There was a buzz of voices in the convent dining room, none of them raised, all animated, argumentative even, discussing the
day’s news, the week’s news, each speaker with a separate ailment that was never discussed
in public except in an earnest invitation to make a joke of it. They were all slightly disabled, by age at least. They had
faces without lines, bent bodies; they were old without protest; a dying breed, who knew they were unbanishable. Oh, for a
life of virtue, free from acquisitive needs, never even
wanting
to house-hunt and full of appreciation for burnt beef. Sarah had learned her manners at this kind of table; she had a certain
gratitude about eating, whatever it was.

‘Once a month, child, you eat with us. You don’t eat enough. Look at the size of you.’ Not once a complaint, or a curiosity
for the outside world. Plenty to talk about, especially the prospect of the Cardinal’s Advent sermons in the cathedral; they
all went, even most of the walking wounded. What happened here was the will of God, illness included. That, and that alone,
was what Sarah abhorred rather than admired. This dependence on the will of another, either divine or sent by the National
Health Service, each couched in inefficacy and mystery. She loved their capacity for acceptance, but she could not revere
it. God was a perverse old man to be indulged, with a passing resemblance to Ernest Matthewson, in her view. Deities and more
temporal authorities begged and deserved the challenge of sheer bloody-minded disobedience.

There was a garden of a kind, which sprouted rather than grew, the better for that on a good summer day, not now. These retired
sisters had been too much in the world and moved about too much to find time to cultivate a garden. They were neat and
tidy without being versed in domesticity or horticulture. The front garden doubled as a car park, the garden element revived
from time to time with indoor potted plants and gifts and surviving shrubs, unlike the back area, which no-one noticed until
the nettles reached the height of the dustbins. The heart of the convent was the chapel, where each item was polished and
revered, each statue and seat, shining with the touch of a hundred loving hands.

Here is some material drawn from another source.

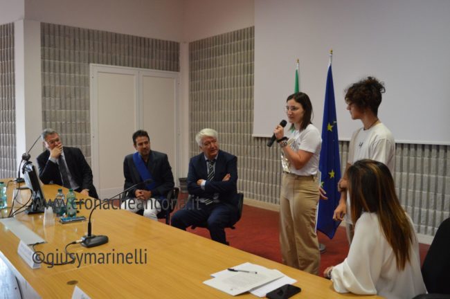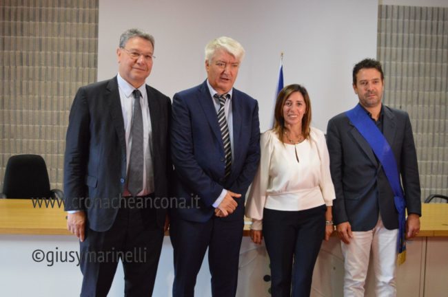 da sin. il presiente della Provincia, Daniele Carnevali, il dg dell’Ufficio Scolastico Regionale Marche, Marco Ugo Filisetti e la preside Saula Rosati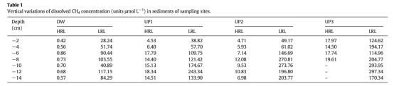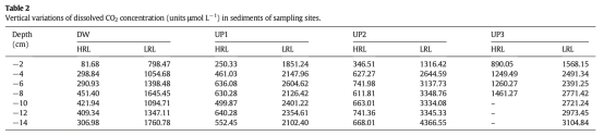 2. 沉積物CH?和CO?濃度(表1-2):

In the watery sunshine of the afternoon, Sarah noticed that Pauline looked frail, her skin like parchment and her movements
less than brisk. It was only after dark, in electric light, that her deepset eyes looked powerful; for the moment, although
she was the strongest of her contemporaries, she looked an old woman. Until she spoke, and all the authority returned.

‘I’m grateful to you, Sarah,’ she was saying gruffly.

‘Why?’ The statement was surprising. Pauline gave thanks for the existence of this niece in her own prayers, but never in
public. She accepted Sarah’s donations as no more than the convent’s due; took it as conscience money from a heathen. She
never gave thanks for charity, but if it was offered she never missed the chance.